Do you think a World Wide Web designed by Russia or China would look differently? 

I think we have to move away from this "imagery" of a singular web being designed by someone. Having a multi-polar set of digital infrastructures would also mean that we can have very different legal rules and norms governing the provision of digital services. Look at Europe’s "right to be forgotten" for example: it protects a set of values that Europeans cherish. Americans, on the other hand, feel ambivalent about them. Now, there’s no need to present China and Russia as the models for the rest of the world to follow. But, everything else being equal, we do want to make sure that countries that do want a stronger protection of certain rights and values can do so. It’s very hard to do when the values and commercial interests of just one country dominate. 

In the U.S. Zuckerberg is urged by politicians to increase control in order to minimize fake news. Looking at China people are concerned about censorship or the Social Credit System. You are pleading for a more active role of governments to protect its citizens from the large players like Google, Facebook and co. How do you see this play out?

I wouldn’t say that I promote some kind of a statist agenda, which demands that governments be given full control over digital infrastructures. Rather, I appeal to governments to defend spaces of experimentation and innovation, where citizens and social movements could still engage in a set of behaviors and practices that differ from those promoted by the so-called Big Tech. Alas, I don’t see any other players capable of standing up to the organized power of Big Tech: the governments are very much the only ones capable of taking on such a powerful adversary. 

What should change in your opinion?

What we need is a robust and active digital policy. Ideally, of course, it will be deployed with full recognition that human and socio-economic rights matter and must be respected. Such policies should treat technology as something that has a history and a political economy behind it – not as some god-given natural force that cannot be altered but can only be obeyed. 

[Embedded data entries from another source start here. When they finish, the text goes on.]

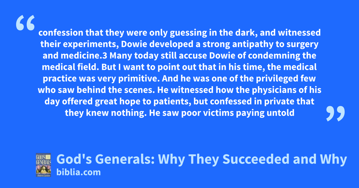 confession that they were only guessing in the dark, and witnessed their experiments, Dowie developed a strong antipathy to surgery and medicine.3 Many today still accuse Dowie of condemning the medical field. But I want to point out that in his time, the medical practice was very primitive. And he was one of the privileged few who saw behind the scenes. He witnessed how the physicians of his day offered great hope to patients, but confessed in private that they knew nothing. He saw poor victims paying untold
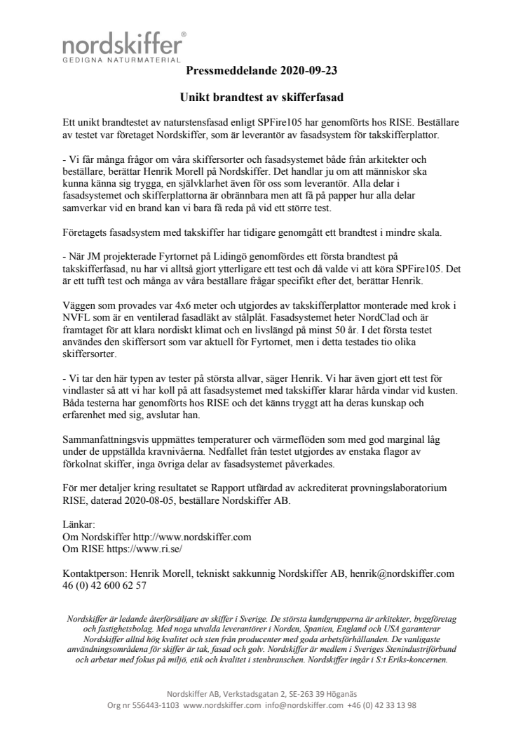 Plattor av tio olika sorters skiffer monterades i fasadsystemet NordClad (NVFL plåtläkt, montage med krok). Fasaden låg under kravnivåerna för temp och värmeflöde med god marginal, fasadsystemet påverkades inte och endast enstaka förkolnade flagor från skiffern lossnade.
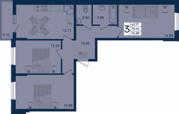3 комнатная квартира с ремонтом 76.86 м², на 15 этаже в жилом комплексе ''Дом 101''. ЖК Дом 101 - это уникальное пространство на территории 101 га. Парк 20 га с спортивными площадками и амфитеатром. Школа на 1725 мест и пять детских садов. Благоустроенные дворовые территории с детскими площадками и зонами отдыха создают комфортную среду для семей. 1965
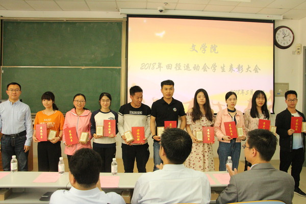为传承运动健儿敢于拼搏、优秀志愿者乐于奉献的精神,并加强文公司员工体育运动锻炼意识,文公司于5月28日在南教楼106室举行文公司2018年田径运动会员工表彰大会。本次表彰大会由公司团委书记赵振华主持,党委员工工作部副部长陈文军、校团委副书记石国卿、体育教学部副主任王海滨、体育教学部教师史海鹏、文公司经理王学栋、党委书记张永宁、党委副书记邹维忠受邀出席,文公司辅导员、参赛运动员、运动会志愿者、全体党员、班委会成员以及体育运动爱好者参加。
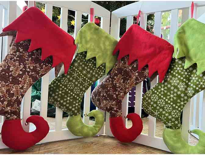 Brighten up your fireplace with these one of a kind, handmade stockings. Stockings are made from cotton flannel and lined with cotton Xmas fabric. The toe is stuffed with a jingle bell sewn onto the toe to alert if anyone is trying to sneak a peek at their stocking goodies. A ribbon loop completes the look to allow for hanging. A perfect gift for more whimiscal Xmas decor! Great for kids.
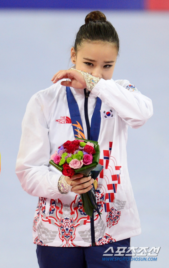 손연재가 마침내 첫 금메달을 목에 걸었다. 인천 아시안게임 리듬체조 개인종합 결승전이 2일 인천 남동체육관에서 열렸다. 금메달을 목에 건 손연재가 시상식에서 국기가 게양되자 눈물을 글썽인 후 손으로 닦고 있다.
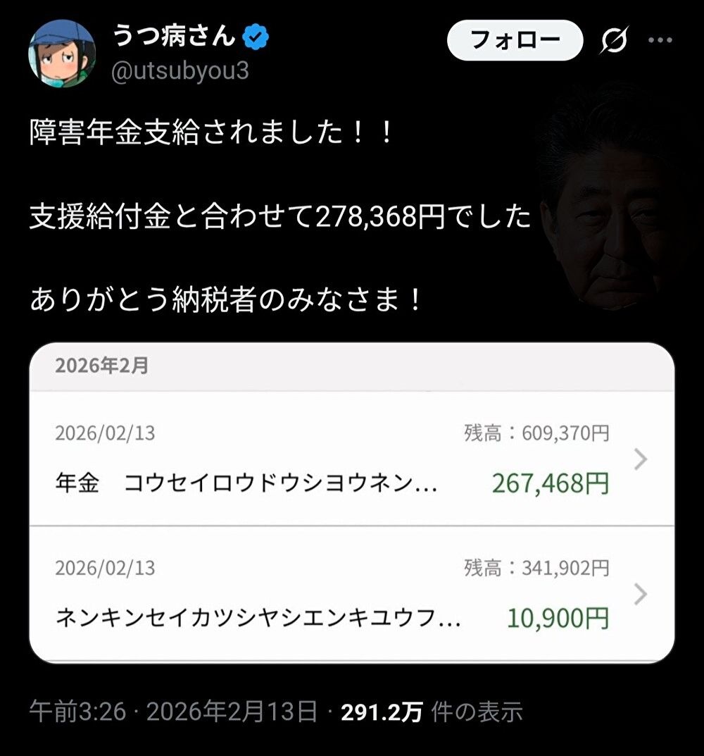 俺も初めての障害年金が来月13日にくる!!
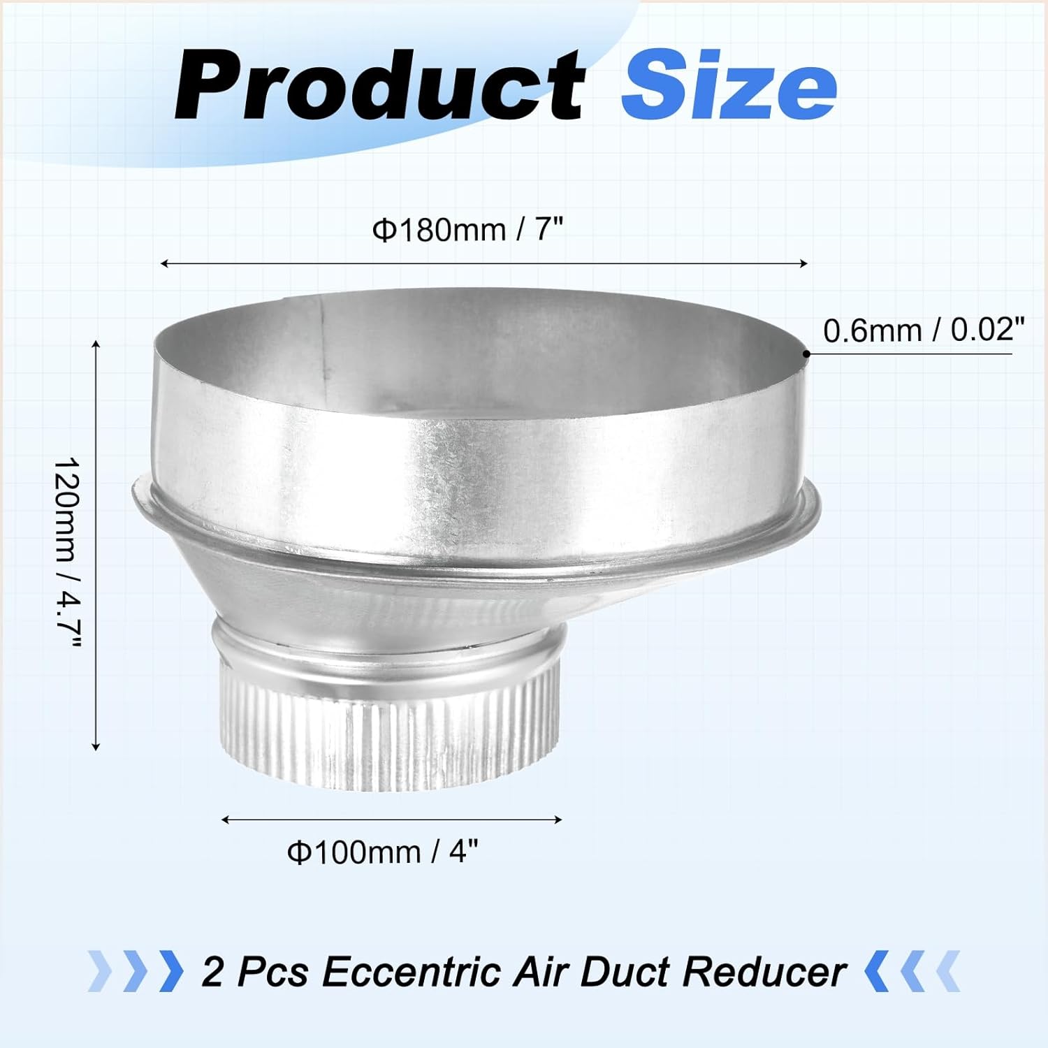 [WHAT TO GET]: The eccentric reducer pipe adapter is made of durable galvanized steel material, strong, waterproof, moisture-proof, wear-resistant, good toughness, strong pressure resistance, not easy to deform, can be used for a long time. Smooth interior surface can reduce the resistance of ventilation.[WHEN/WHERE TO USE]: This eccentric duct reducer and increaser are used as a duct adapter for duct diameter changes in the ventilation system. Suitable for the HVAC system, bathroom exhaust, air-cooled hood, embedded fans, hood, roller dryer, chimney, dust collection system, etc.[WHAT IT IS]: Interface outer diameter: 180 mm / 7 inch, 100 mm / 4 inch; Height: 120 mm / 4.7 inch, Thickness: 0.6 mm / 0.02 inch, Packaging content: 2pcs x Eccentric Air Duct Reducer[HOW TO USE]: Easy to install, connect the duct reducer to a metal air duct or vent hose, and use pipe clamps and tape to fasten the connection.[WHAT TO AVOID]: Please confirm the specifications and dimensions of the reducing duct connector before purchasing.
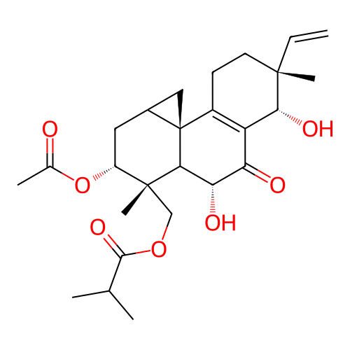 | InChI | InChI=1S/C26H36O7/c1-7-24(5)9-8-16-18(22(24)30)19(28)20(29)21-25(6,12-32-23(31)13(2)3)17(33-14(4)27)10-15-11-26(15,16)21/h7,13,15,17,20-22,29-30H,1,8-12H2,2-6H3/t15?,17-,20+,21?,22-,24+,25-,26-/m1/s1 |
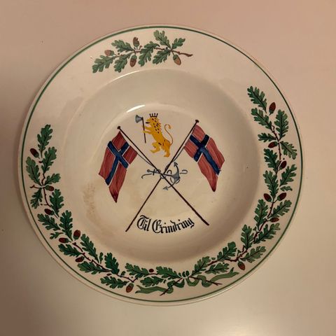 veggtallerken i keramikk med gul og blå fargepalett. Tallerkenen har et mønster med blomster og en fugl, og er egnet for veggdekorasjon. 30 cm i diameter
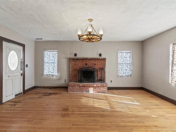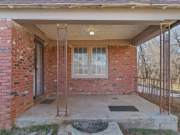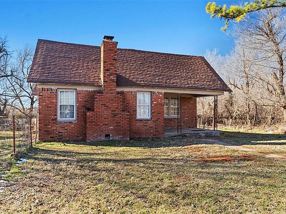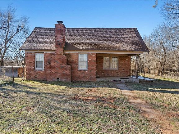 This charming rural property in Guthrie, Oklahoma, is a fixer-upper's DREAM. This spacious three-bedroom, one-bathroom home is nestled on 5 acres of scenic land. The home includes a bonus room, an enclosed porch, and a warm living area featuring a brick fireplace, creating an inviting atmosphere.
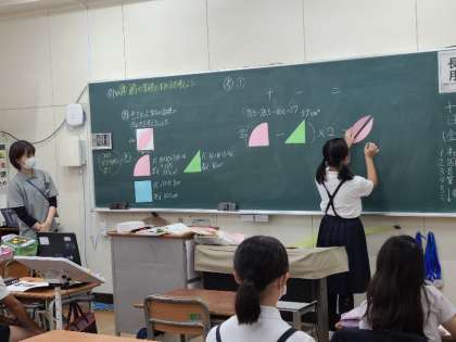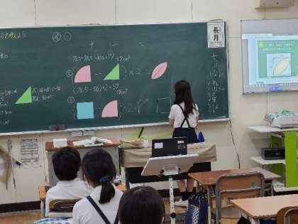 6年生の算数の習熟度授業の様子です。図の面積を求めています。違う考え方の発表で思考した過程を伝え合い学習を深めました。
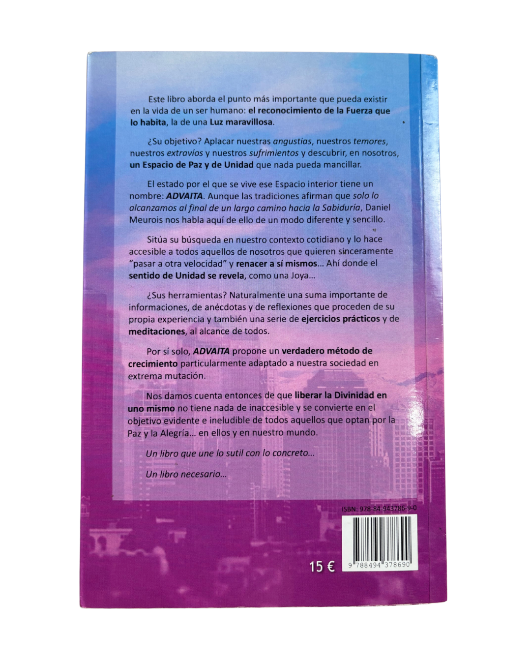 Advaita es un relato espiritual en el que Daniel Meurois explora el camino hacia la unidad del ser y la comprensión profunda de la conciencia. A través de experiencias místicas, enseñanzas interiores y reflexiones sobre la naturaleza del alma, el autor guía al lector hacia la idea central del advaita: la no dualidad, la certeza de que todo está conectado y de que la separación es una ilusión. El libro combina narrativa, sabiduría ancestral y mensajes de transformación personal orientados a despertar la conciencia y recordar nuestra verdadera esencia.

You have a twitter account which you use quite actively. Would you say you use social media differently from non-critical users?

I use Twitter mostly as a one-way channel to promote my talks, articles, activities and so on. I use it to look at what others are posting but I have more sophisticated ways of tracking such conversations, so Twitter really plays a very pragmatic role in my life. In that sense, I don’t think it has much to do with me being critical; plenty of other intellectuals – even those who are very much uncritical – use it this way. 

Would you tell us a bit about your new project The Syllabus

The Syllabus comes out of my frustration with how content gets discovered, indexed, and shared on traditional digital platforms. So much good stuff gets published but is entirely overlooked because of the inner logics of the attention economy. The Syllabus aims at breaking these logics, while also paying particular attention to one segment of the public sphere – academic articles – that probably is of highest-quality but is usually impossible to find or access (unless one is already an academic). So our mission is to find high-quality stuff that is overlooked and make it more visible. We do it for six types of content – from podcasts to books – and for 60 topics, from architecture to China and from automation to food sovereignty. 


Evgeny Morozov is an author and columnist for various international media outlets. He published The Net Delusion: The Dark Side of Internet Freedom (2011) and To Save Everything, Click Here: The Folly of Technological Solutionism (2013). In 2010-2012 he was a visiting scholar at Stanford University and a Schwartz fellow at the New America Foundation. Previous to that, Evgeny was a fellow at Georgetown University and in 2008-2009 a fellow at the Open Society Foundations. He has a PhD in History of Science from Harvard University.

Rebecca Farner is Project Manager at Asia Society Switzerland.